Read and write Word doc files using POI
The hwpf module of Apache poi is specially used to read and write word doc files. In hwpf, we use HWPFDocument to represent a word doc document. There are several concepts in HWPFDocument:
Range : It represents a range, which can be the entire document, a certain section, a paragraph (Paragraph), or a paragraph (CharacterRun) with common attributes.
Section : A subsection of a word document. A word document can be composed of multiple subsections.
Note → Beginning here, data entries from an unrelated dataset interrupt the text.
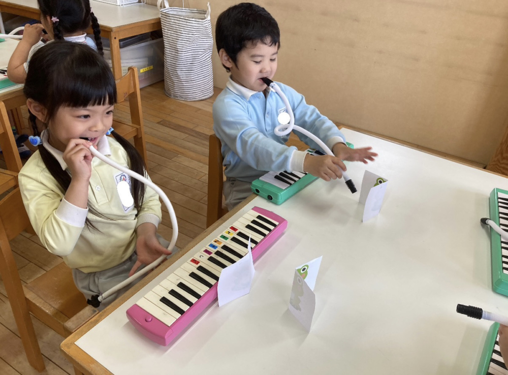 初めて鍵盤ハーモニカをしましたよ。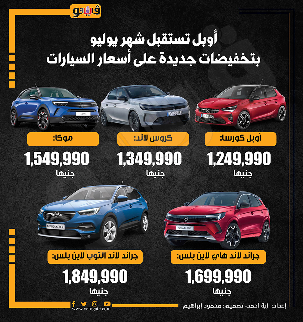 أوبل تستقبل شهر يوليو بتخفيضات جديدة على أسعار السيارات (إنفوجراف) الثلاثاء 02/يوليو/2024 - 11:31 ص 7/2/2024 11:31:24 AM سيارات آية أحمد شارك طباعة 18 حجم الخط شارك طباعة أوبل جراند لاند اوبل كروس لاند اوبل كورسا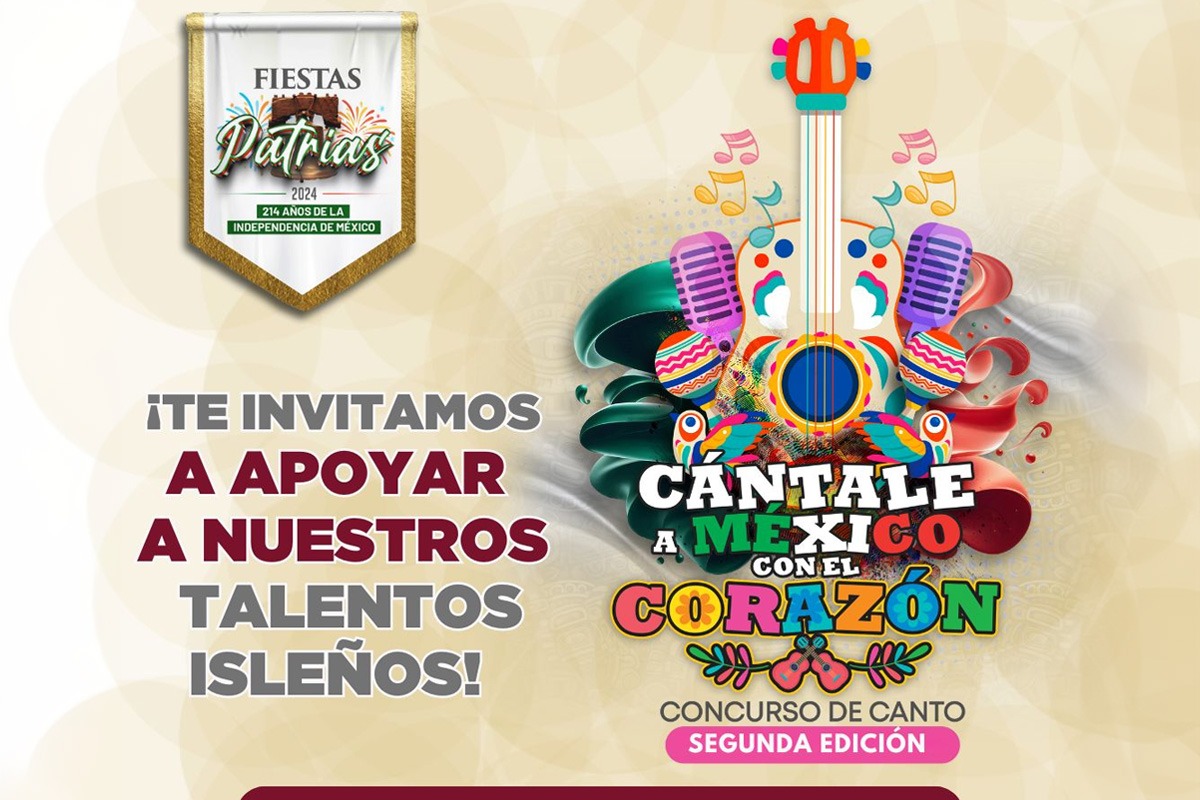 Isla Mujeres.- El Gobierno Municipal de Isla Mujeres que encabeza la alcaldesa, Atenea Gómez Ricalde, a través de la Dirección de Cultura, invita a las familias isleñas y turistas que visitan el destino, a la primera presentación del concurso “Cántale a México con el Corazón”, mañana sábado 7 de septiembre en la Explanada Municipal, a las 20:00 horas.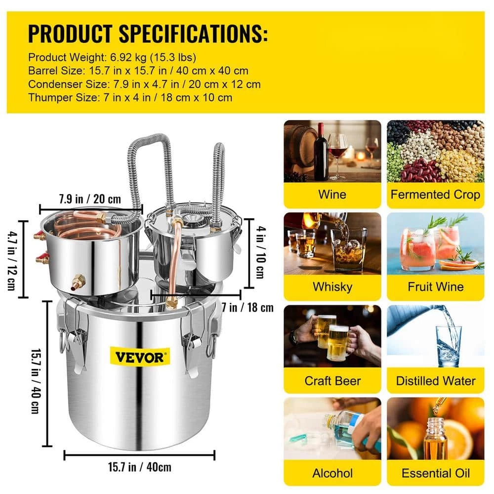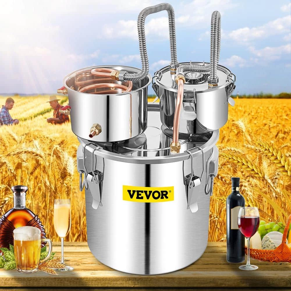 The VEVOR 13.2 Gal Alcohol Water Distiller. A full set of alcohol distiller, suitable for beginners and experts, with excellent cooling performance. It can be used to distill fruit wine, water, brandy and essential oils, apply for various heating methods like gas stoves, firewood and electric ceramic heaters.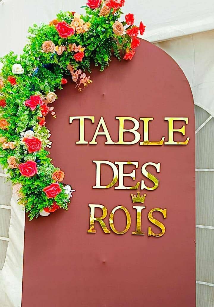 Ajoutez une touche royale à votre événement avec ce superbe panneau décoratif 'Table des Rois'. Parfait pour les mariages, anniversaires et célébrations spéciales, ce panneau orné de fleurs vibrantes attire tous les regards. Idéal pour créer une ambiance élégante et inoubliable.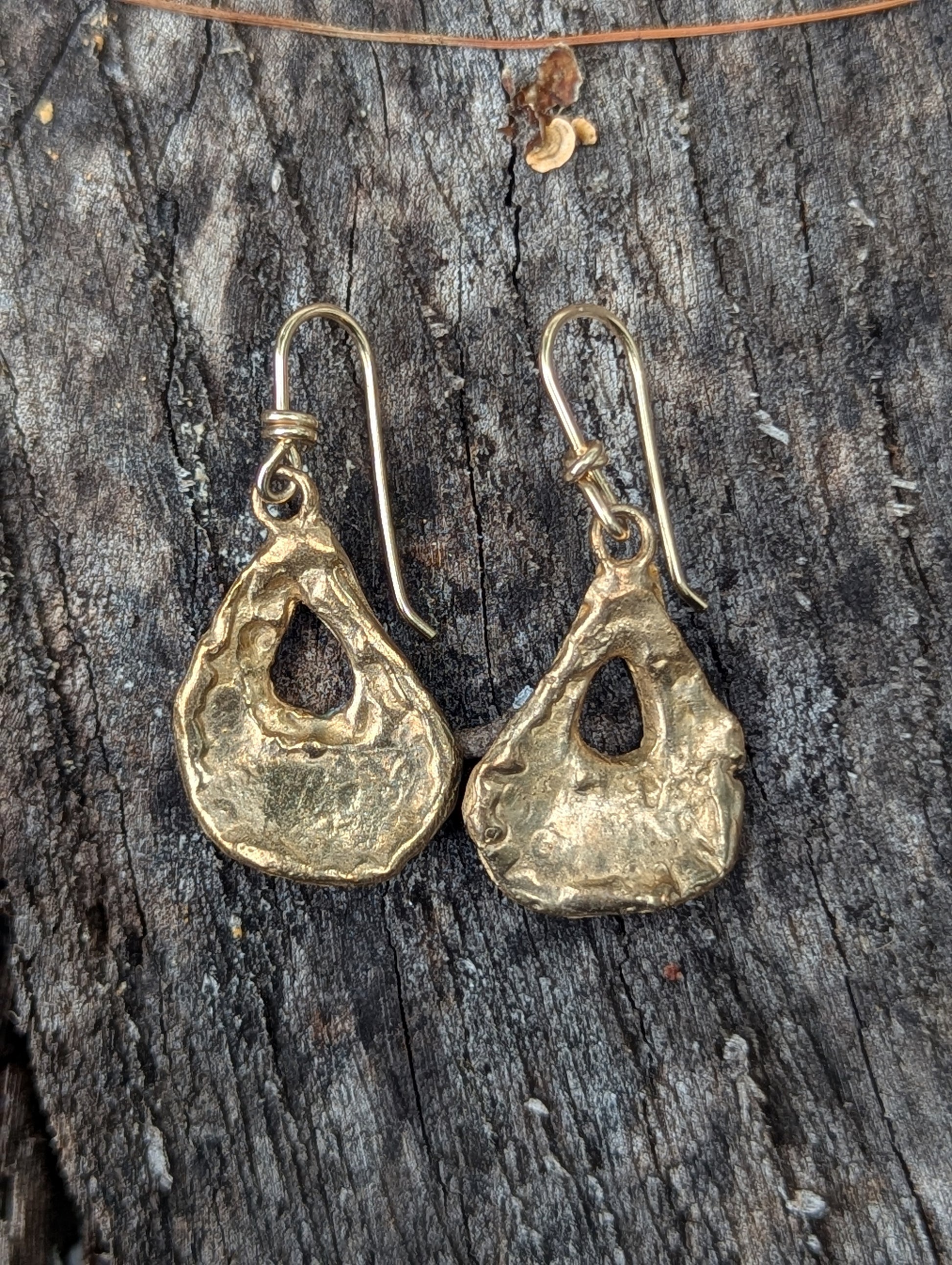 These delicate earrings are the ideal complement to any item from the Oyster necklace collection or any silver piece. Finished entirely in bronze, and brushed with renaissance wax, they offer a graceful, shimmering gold colored dangle that enhances your effortless style.

Paragraph : A paragraph of a word document, a subsection can be composed of multiple paragraphs.
CharacterRun : A paragraph of text with the same properties, and a paragraph can be composed of multiple CharacterRuns.
Table : A table.
TableRow : The row corresponding to the table.
TableCell : The cell corresponding to the table.
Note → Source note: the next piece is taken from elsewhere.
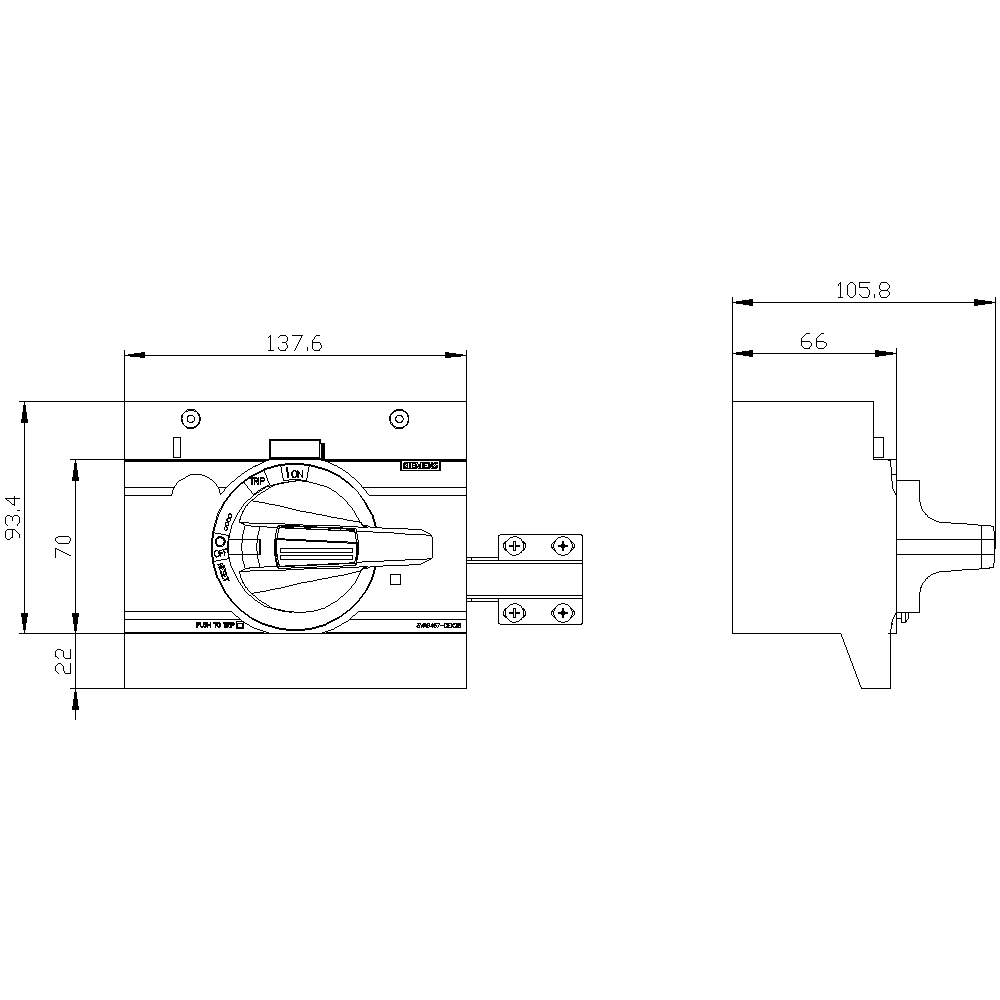 comando rotativo frontale OFF di emergenza con bloccoporta IEC IP30/40 accessori per: 3VA13/14; 3VA23/24 Interruttori automatici scatolati SENTRON 3VA - un sistema. Per tutte le applicazioni.

Section, Paragraph, CharacterRun, and Table are all inherited from Range.
1 Read word doc file
In daily applications, it is very rare for us to read information from word files, and we write content into word files more often. There are two main ways to read data from word doc files using POI: read through WordExtractor and read through HWPFDocument . When reading information inside WordExtractor, it is still obtained through HWPFDocument.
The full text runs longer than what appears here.